# Wow-just heard that Tom Hanks has Coronavirus....



## Mrs. Robinson (Mar 11, 2020)

his wife does as well. And the NBA has canceled the rest of the season. Crazy!


----------



## Pepper (Mar 11, 2020)

Tom and Rita caught the virus in Australia where they have enough test kits to find these things out.


----------



## chic (Mar 11, 2020)

Betcha the baseball season goes too. And what about hockey? The PGA? It's a wise move. One of the NBA players tested positive for COVID-19 so it's a wise decision to suspend the season and protect others, while preventing this disease from spreading.


----------



## terry123 (Mar 11, 2020)

Was sorry to read about Tom and Rita.  They are a fav couple of mine!


----------



## Jim W. (Mar 11, 2020)

Life is like a box of chocolates.

You never what you're gonna get....


----------



## Ruth n Jersey (Mar 11, 2020)

I was sorry to hear that also. I think Tom is a diabetic I hope it won't cause problems.


----------



## win231 (Mar 11, 2020)

Ruth n Jersey said:


> I was sorry to hear that also. I think Tom is a diabetic I hope it won't cause problems.


Probably not, unless he has other health issues.
I knew he was diabetic as soon as I saw "Cast Away."


----------



## Pepper (Mar 12, 2020)

win231 said:


> I knew he was diabetic as soon as I saw "Cast Away."


What tipped you off?


----------



## Judycat (Mar 12, 2020)

Mrs. Robinson said:


> his wife does as well. And the NBA has canceled the rest of the season. Crazy!

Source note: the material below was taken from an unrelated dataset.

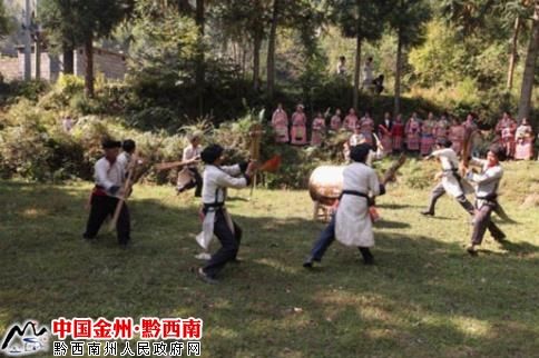 據普安縣志記載,“蒙灑”苗人是明末遷至普安,其“惹捱德亙”(蘆笙棒舞)起源于何時,均無文字可考,但從其傳說、表演形態和伴奏音樂看,苗族蘆笙棒舞是我國古代歌、舞、樂一體的藝術形態在苗族族群中的留存。

Don't worry. Tom and Rita will get top-notch care.


----------



## StarSong (Mar 12, 2020)

Judycat said:


> Don't worry. Tom and Rita will get top-notch care.


Even top-notch care is no guarantee.  That's the problem with this virus.


----------



## Pepper (Mar 12, 2020)

StarSong said:


> Even top-notch care is no guarantee.  That's the problem with this virus.


That's the problem for many diseases.  This one, we know so little about.


----------



## Jim W. (Mar 12, 2020)

Judycat said:


> Don't worry. Tom and Rita will get top-notch care.



Best that (a whole lot of) money can buy.

Shame that one has to be obscenely wealthy to get the level of health care that people in their strata can afford.


----------



## win231 (Mar 12, 2020)

Pepper said:


> What tipped you off?


He had to look like he was starving for the second half of the movie.  He was never a "skinny" person.  He lost at least 60 lbs.  To do that, he had to keep his blood sugar high for several weeks; that's how he got that bony look.  He probably did it under monitoring & supervision by his doctor to minimize risk & frequent testing for ketoacidosis.
A diabetic's blood sugar is high because their body is not using sugar for energy; so it uses fat, instead, resulting in weight loss.  That's why one of the first signs of diabetes is unexplained weight loss.


----------



## Pepper (Mar 12, 2020)

Thanks win.


----------



## StarSong (Mar 12, 2020)

win231 said:


> He had to look like he was starving for the second half of the movie.  He was never a "skinny" person.  He lost at least 60 lbs.  To do that, he had to keep his blood sugar high for several weeks; that's how he got that bony look.  He probably did it under monitoring & supervision by his doctor to minimize risk & frequent testing for ketoacidosis.
> *A diabetic's blood sugar is high because their body is not using sugar for energy; so it uses fat, instead, resulting in weight loss.  That's why one of the first signs of diabetes is unexplained weight loss.*



I never knew exactly why weight loss was a symptom of diabetes.  Thanks for the simple, clear explanation.


----------



## Ruthanne (Mar 12, 2020)

Wow, I hope they will be alright.  I hope it's only a mild case.


----------



## WhatInThe (Mar 12, 2020)

I think it was Hank's own tweet said it felt like they had a cold with some chills. How far into the virus progression would they be? If they say it takes upto  2 weeks theoretically wouldn't they be well into the progression.


----------



## win231 (Mar 12, 2020)

Jim W. said:


> Best that (a whole lot of) money can buy.
> 
> Shame that one has to be obscenely wealthy to get the level of health care that people in their strata can afford.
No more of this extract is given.